For the Lumpia Wrappers
- In a large mixing bowl combines the cornstarch and water. Blend until it is smooth.
- Add eggs, sugar, salt and oil. Mix until the mixture resembles an extremely thin and runny batter.
- Put a 9″ nonstick skillet on a low flame. Lightly spray the exterior of the pan with cooking spray.
- Pour 1/4 cup batter into the pan and gently tilt the pan along all sides to cover it with batter. Cook for approximately 30-40 minutes. If the edges of the batter begin to pull away off the sides and tiny bubbles begin to appear within between the two crepes, carefully flip it over to the opposite side with an emollient. Cook for an additional 10-15 seconds, or till the surface has set.
- Take crepe out of the pan by gently sliding it onto an uncooked plate. Repeat with the remaining batter, making sure to spray the pan regularly with cooking spray that is nonstick while cooking.
- Place wrappers on a flat surface. place the lettuce leaf on the top. Pour about 1/4 cup of filling into the middle of the wrapper. Fold sides inwards to cover the filling.
- Pour sauce over cooked lumpia. Garnish with more minced garlic and peanuts ground If you wish.
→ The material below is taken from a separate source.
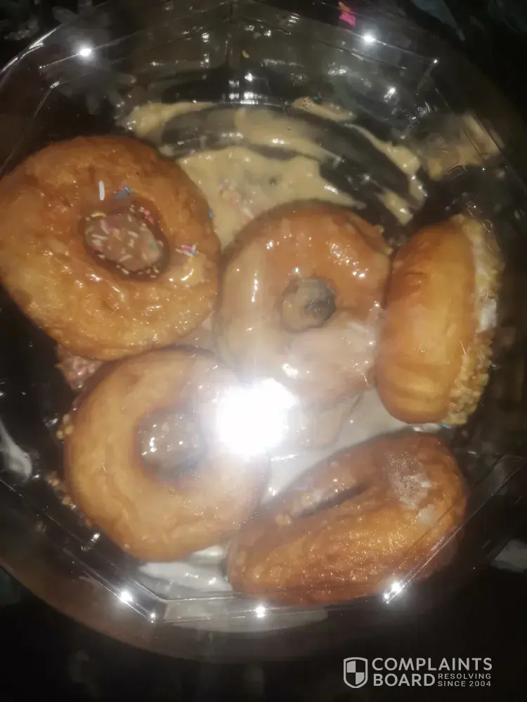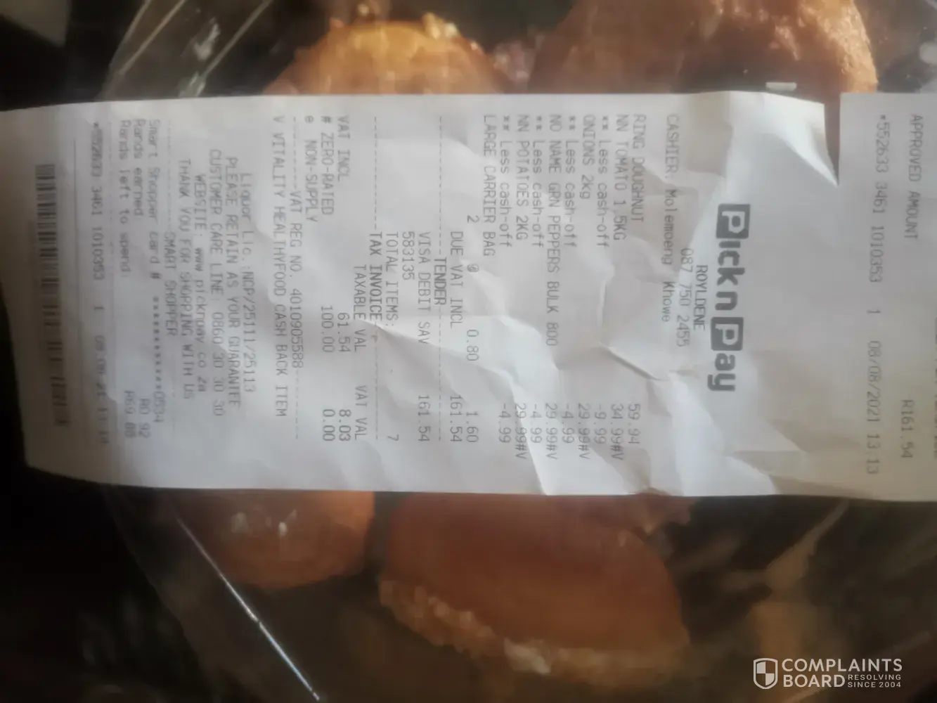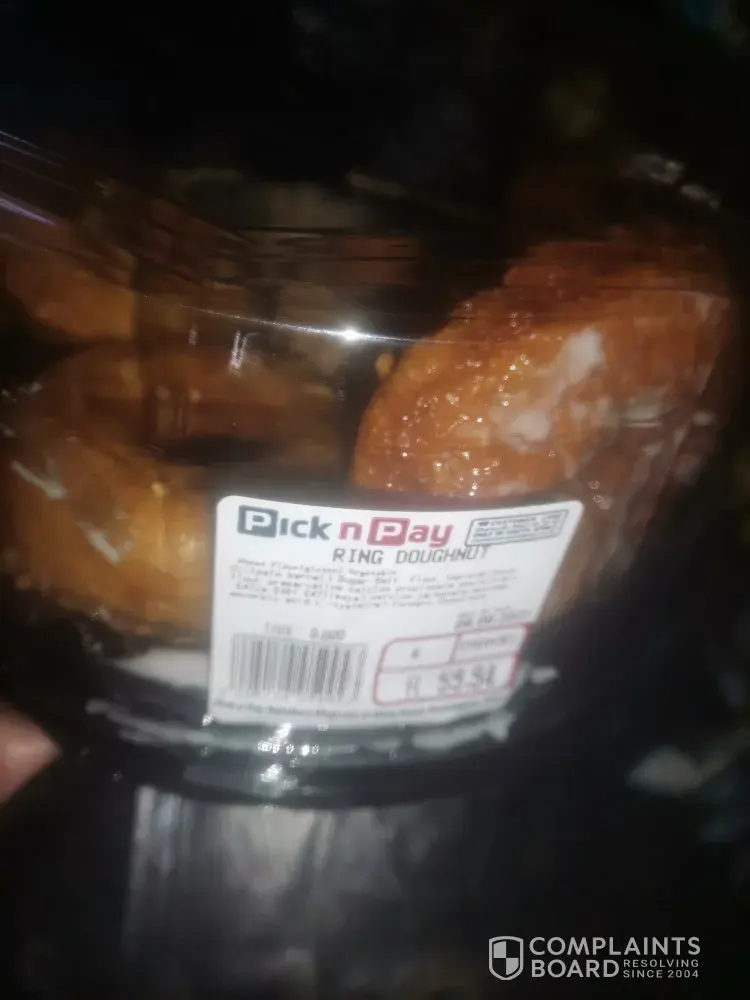 Hi today I bought donuts at pick n pay Rhondesdene for R60 buy one get one free special to my surprise the donuts were stale to a point that warming it didn't even soften it abit! I been wishing for donuts for so long but this right here was very disappointing to say the least.. I got the slip and took pictures.. I wish I took note of it while I was in the shop but you would think if you are paying R60 for donuts it will be fresh! Not even the dogs wanted it..

Calories: 469kcal, Carbohydrates: 51g, Protein: 18g, Fat: 23g, Saturated Fat: 5g, Polyunsaturated Fat: 5g, Monounsaturated Fat: 11g, Trans Fat: 1g, Cholesterol: 117mg, Sodium: 1135mg, Potassium: 535mg, Fiber: 4g, Sugar: 25g, Vitamin A: 3438IU, Vitamin C: 8mg, Calcium: 100mg, Iron: 2mg“This website offers approximate nutrition information for your convenience. It is provided as a service only. The nutrition data is collected primarily through data from the USDA Food Composition Database, when available, or other calculators online.”